The study met its primary endpoint, with 69.1% of patients treated with remestemcel-L achieving an objective response at day 28 (95% CI 55.2%-80.9%), including complete responses in 29.1%. The median duration of response was 54 days, according to the FDA.
Survival at days 100 and 180 were 74% and 69%, respectively. Prior studies in GVHD have shown response at day 28 to be associated with long-term survival.
But FDA staff raised concerns over the study's primary endpoint, which had the assumption of a 45% overall response rate as its null hypothesis based on prior pediatric cohorts showing day-28 response rates of 24%-43% with standard care alone or with placebo.
Agency staff pointed to other studies in children with steroid-refractory acute GVHD demonstrating response rates of 67%-82% using other investigational agents, including infliximab (Remicade).
Nancy Bunin, MD, of the University of Pennsylvania and medical director of the bone marrow transplant program at the Children's Hospital of Philadelphia, voted that the drug was indeed effective in pediatric patients, but said she wasn't convinced that remestemcel-L was better for gut GVHD than infliximab, which is commonly used.
"If a randomized trial were to be considered, I would confine it to gut GVHD and consider infliximab as the other arm," said Bunin. "I think most of us would be reluctant to do -- especially for gut GVHD -- placebo versus another drug."
Randomized, placebo-controlled trials in this patient population are unlikely to be feasible, with site investigators potentially unwilling to risk putting patients on placebo.
Further complicating the efficacy evaluation for remestemcel-L were two negative phase III trials conducted over a decade ago. These were conducted primarily in adults; one trial was in newly-diagnosed disease.
"I'm struck by the randomized trials and find them compellingly negative," said Hinrichs, who voted against the proposition.
"I realize that there have been changes in the manufacturing at this point, but I don't think that [the trial findings] are entirely irrelevant," he said. "It goes again to the question of whether from this single, single-arm study we're convinced that this has efficacy."
Mesoblast said newer manufacturing processes introduced during an earlier study involving 241 kids with acute steroid-refractory GVHD (Protocol 275) have made remestemcel-L more potent by increasing concentrations of tumor necrosis factor receptor 1 (TNFR1), which are correlated with better patient outcomes. In the trial, those treated using the newer process showed numerically higher response rates (70% vs 63%), and improved survival at 100 days (75% vs 58%, P=0.0026), according to the sponsor.

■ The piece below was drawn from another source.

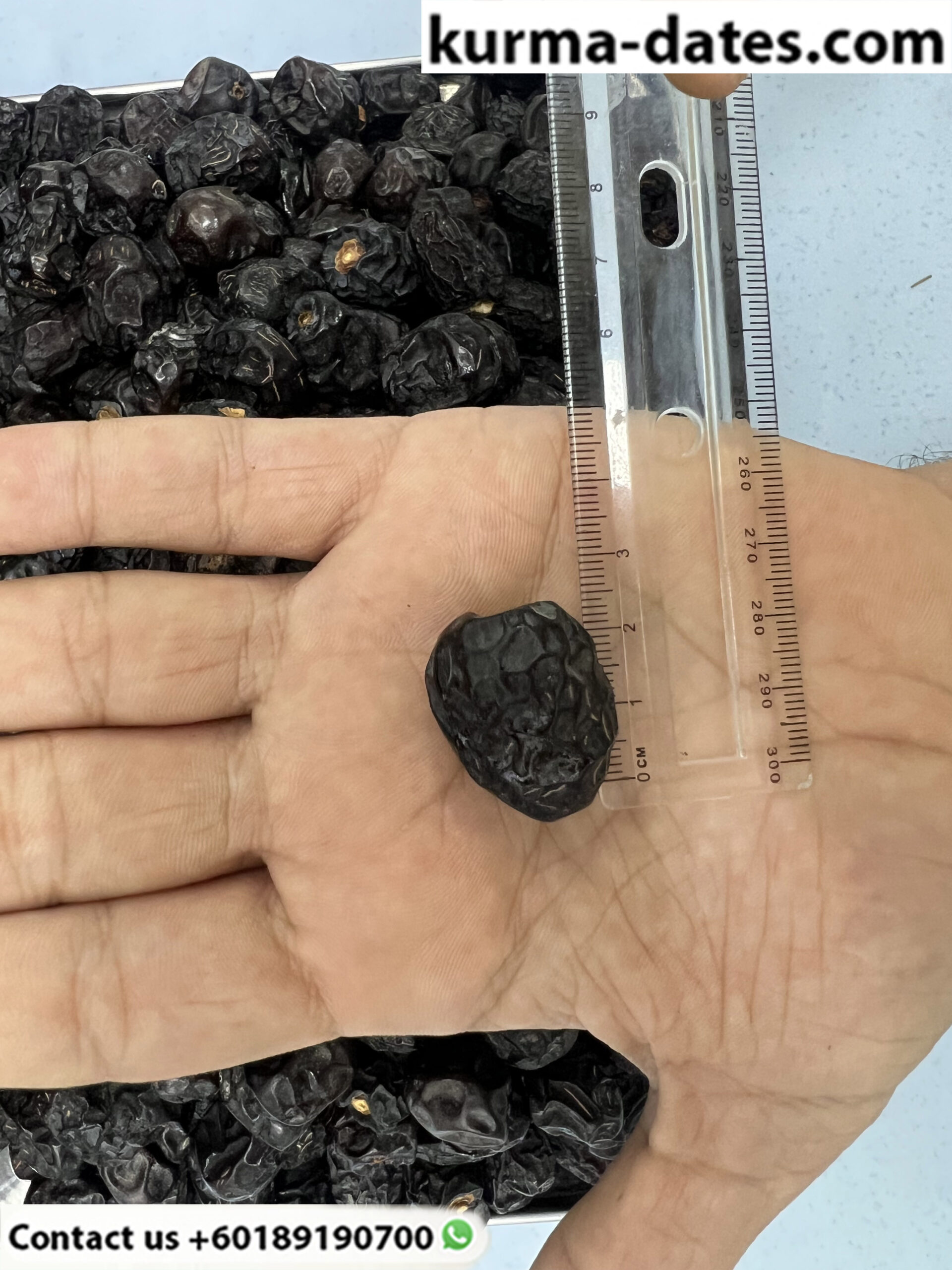 Color and size: They are medium-sized round dates with a dark black cherry color with hints of brown.

"We may be talking about two completely different products," said Bunin. "I would strongly encourage a second trial -- a well-done second trial -- in adults and potentially pediatric [patients] with the optimized product."
Safety was less contentious for panel members, with broad agreement that the therapy appeared relatively safe in children. Common adverse events in MSB-GVHD001 included infections (grade 3/4 in 19%), gastrointestinal toxicities, and respiratory complications. No deaths were deemed treatment related, with GVHD, relapse, and infections being the leading causes of death.
Although the FDA is not required to follow its advisory committees' recommendations, it typically does.